A friend once told me, long after college got over, that every time he heard someone whistle the ‘Main hoon naa’ tune he felt it was me passing through the corridors of the boys hostel. All of this sounds to me like classical (read: musical) conditioning, though, of a different kind.

A song regenerating memories? In effect it means that the process of classical conditioning takes place when one is glued to the same music for a long time.

Music assumes many roles in our lives, for some it’s just a means of entertainment while for many it’s a soother, a motivator, an inspiration, an old wine that drowns with it sorrows of the listener. We constantly seek our kind of music. A passionate listener will plunder a song that he likes by listening to it over and over again till the marginal utility of the song threatens to enter negative territory or CD the cracks. It would be not be an unfair assessment that majority music listeners are passionate listeners in their own right. And passion and music are intertwined.
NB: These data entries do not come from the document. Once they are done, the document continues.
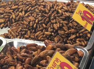 Das Streetfood Angebot war für unseren europäischen Geschmack teilweise sehr gewöhnungsbedürftig. Neben uns geläufigen Dingen wir Hühnchen, wurden frittierte Heuschrecken und anderes Krabbeltier oder Dinge verkauft, von denen wir nur ahnen konnten, was es ist. Wie es sich für eine Party gehört gab es auch noch eine große Bühne von der laute Musik dröhnte, viele feierlustige Thais versammelten sich auf der Tanzfläche.
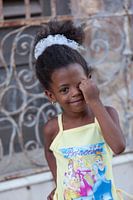 Cubaanse jongedame met een geel prinsessenshirt 'Princesas' die lachend in de lens kijkt
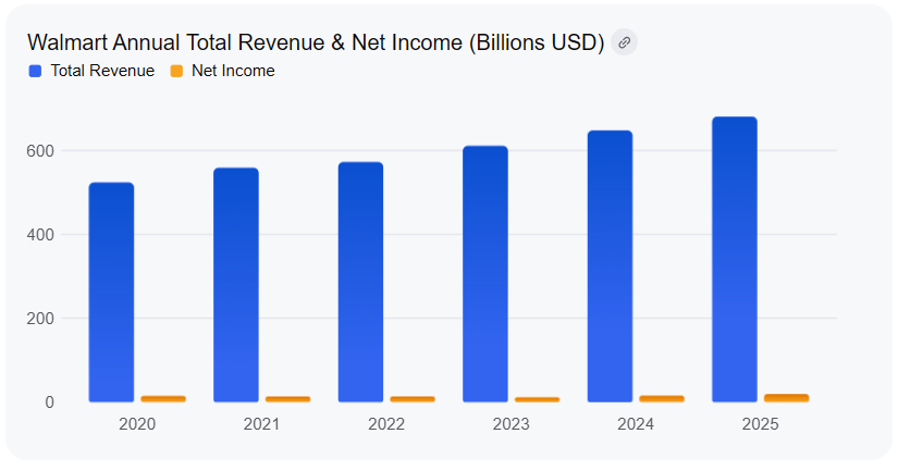 Τον Φεβρουάριο του 2026, η Walmart έγινε επίσημα ο πρώτος παραδοσιακός λιανοπωλητής που ξεπέρασε το 1 τρισεκατομμύριο δολάρια σε χρηματιστηριακή αξία, εισερχόμενος στην ελίτ των τεχνολογικών κολοσσών. Ωστόσο, τα πραγματικά οικονομικά μεγέθη και επιδόσεις, παρότι αυξανόμενα και μάλιστα σταθερά και πάνω από αντίστοιχες εταιρείες, δεν ακολουθούν τους ίδιους εκρηκτικούς ρυθμούς. Αλλά αυτές οι επιδόσεις δεν φαίνεται να επηρεάζουν αρνητικά την εικόνα της εταιρείας στους επενδυτές, μάλλον το αντίθετο….
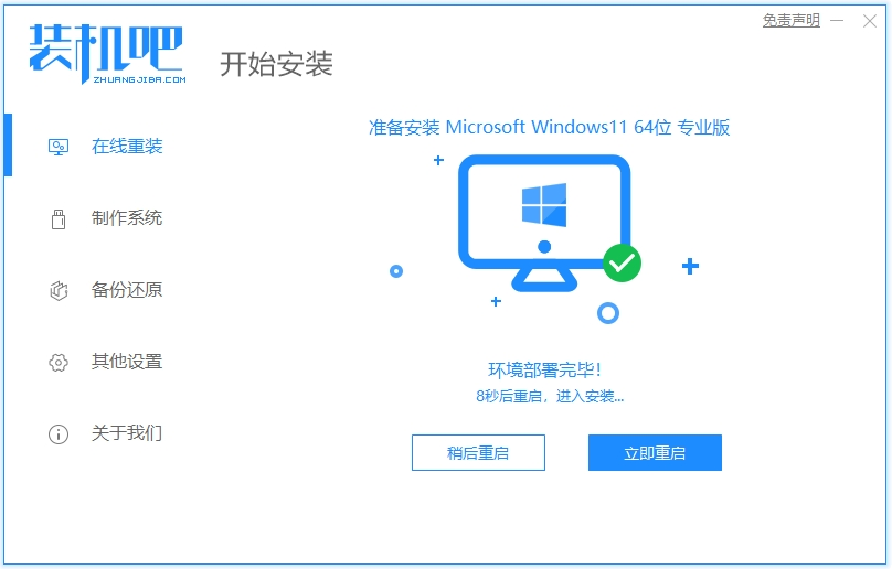 以上便是借助装机吧一键重装系统工具在线给电脑系统重装win11专业版的方法步骤,如果有网友不能直接升级win11的话,都可以参照上面的步骤去安装体验哦。

As a kid, I got a free cassette, by virtue of filling up a no-brainer-quiz, it had songs by Madonna and Phil Collins. One track that I took to was ‘Another day in paradise’. For many months that was the only song that played on my stereo. Today the same song revives the zeitgeist of those times.
My guess is while we live out our daily lives, the central repository where all things get recorded takes in our feelings, thoughts, experiences of the times and records them to serve as memories of times gone by, along with them in the background goes the music of those days. Especially, music that one is really hooked on to. And when you put ears to the music of yesteryears you, almost, feel transported back in time.